Маша без медведя (СИ) - Страница 7
— Так! — заявила она с порога, не закрывая двери. — Проснулась? Пойдём-ка, Павел Валерьевич ждёт!
Нет, я, конечно, понимаю, что я (скорее всего) попала в больницу для простолюдинов, а то и для неимущих, но всё же — что за досадная беспардонность?
04. РЕКОГНОСЦИРОВКА
Я ВЫХОЖУ В ЛЮДИ
Я поднялась с кровати и оглянулась, словно соображая: куда бы поставить поднос, — и сунула его медсестре в руки. Она приняла поднос автоматически, почувствовала, что я держу её за запястье, дёрнулась и гневно сдвинула брови, но я уже пустила в ход первую волну контроля:
— Всё хорошо, правда же? — я улыбнулась, и медсестра улыбнулась мне в ответ. Кстати, лицо её много выиграло от этого.
— Конечно, всё хорошо!
— Теперь вы будете стучаться каждый раз, когда хотите войти ко мне в палату, а заходить — только с моего разрешения. Ведь так?
— Конечно, только с разрешения, — медсестра кивнула и снова тепло мне улыбнулась.
— И будете обращаться ко мне уважительно.
— Да, я буду обращаться к вам уважительно.
Сферы небесные, как же легко работать с людьми без магических способностей!
— А теперь вы пойдёте и принесёте мне все мои вещи. И ещё белый халат, как у доктора.
Докторский халат я решила надеть поверх платья, чтобы ни у кого не возникало ненужных вопросов. Не буду же я здесь всю больницу очаровывать! Так, поди, и надорваться с непривычки можно. А докторский выбрала, потому что у него пуговки спереди, я заметила. А у медсестёр на спине завязки, мне это показалось не очень красивым и для меня лично неудобным.
Пока ждала платье, вернулась к рисованию, да так и замерла над листом.
Внезапно проклюнулось ещё одно воспоминание: поход за школьной формой. Пассаж братьев Четверговых — магазин-городок, состроенный из множества рядов салонов и магазинчиков, закрытый от всяких непогод обширной стеклянной крышей. Проходы между рядами просторные, почти как улицы. Публика есть, но её немного — самый пик лета, жара, полгорода разъехалось по дачам и курортам. Но мама везёт меня за формой именно сегодня: в «Заранских ведомостях» напечатали, что мануфактура Трапезниковых объявила трёхдневные скидки на всю школьную форменную одежду.
Утро. Меж павильонов лениво прогуливаются редкие посетители. Я иду, разинув рот, и заворачиваю голову на яркие вывески. Мама вдруг тянет меня за руку в сторону — мимо нас, как ледокол, не обращая никакого внимания на прочих покупателей, плывут две дамы — иначе их и не назовёшь — разряженные, как в кино! Выше нас по статусу? Очевидно. И, судя по маминой реакции, сильно выше.
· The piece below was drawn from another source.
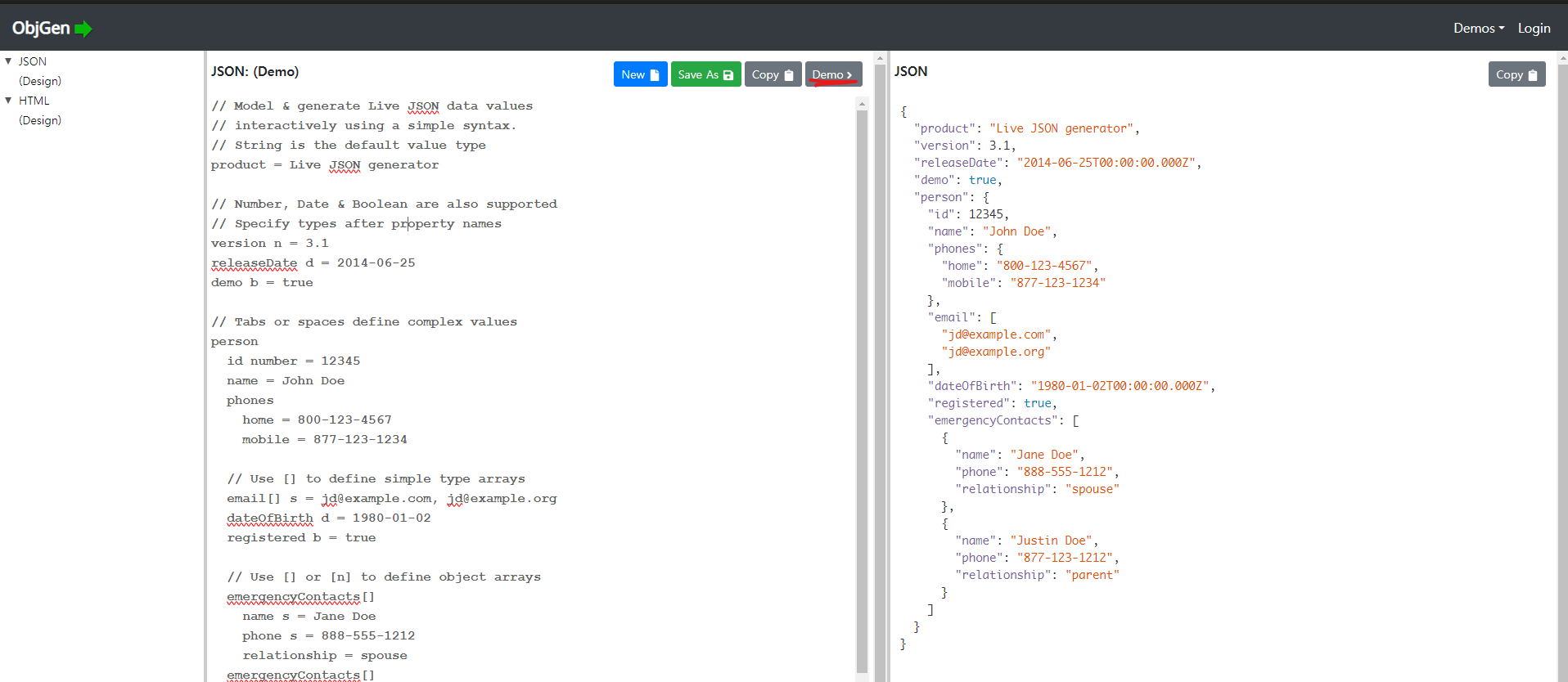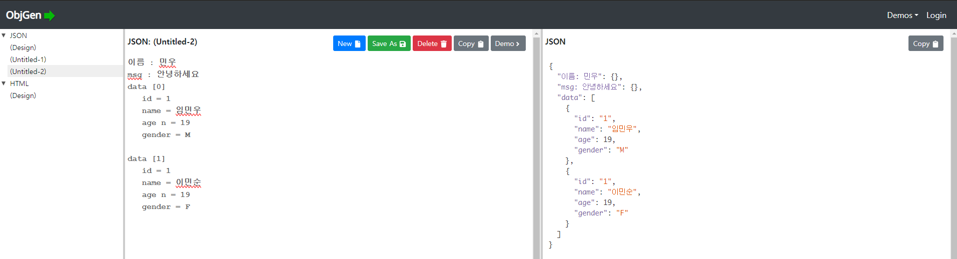 들어가서 JSON Generator를 클릭 -> Demo 클릭해보셈

Нужный нам магазин на втором этаже, и мы поднимаемся по бесконечно длинной, заворачивающейся дугой лестнице, а на втором этаже — целая площадь с большой-пребольшой круглой дырой посередине. Дыра окружена красивыми перильцами, чтоб никто не вывалился — покрашенные чёрным завитки стеблей и листьев, на ощупь холодные, как будто железные. А напротив магазина Трапезниковых — фонтан! Небольшой, зато с золотыми рыбками.
Мама отрывает меня от восторженного созерцания рыбок и тянет внутрь.
Внутри скучно. Я примеряю шерстяное форменное платье, и мне ужасно жарко. Продавщица советует взять на размер больше — первоклашки быстро растут, и платье, которое строго впору, к Новому году может стать малым. Я снимаю первое платье и надеваю второе, потом ещё… Жарко, как жарко!
Усилием воли я погружаюсь в воспоминание глубже. Чуть назад. Теперь я отслеживаю моменты, на которые маленькая я вовсе не обращала внимания. Бесконечные, как мне кажется, ряды форменных коричневых платьиц. Мы идём на тот край, где самые маленькие размеры.
— Вот, пожалуйста, — говорит продавщица, — здесь на ваш рост.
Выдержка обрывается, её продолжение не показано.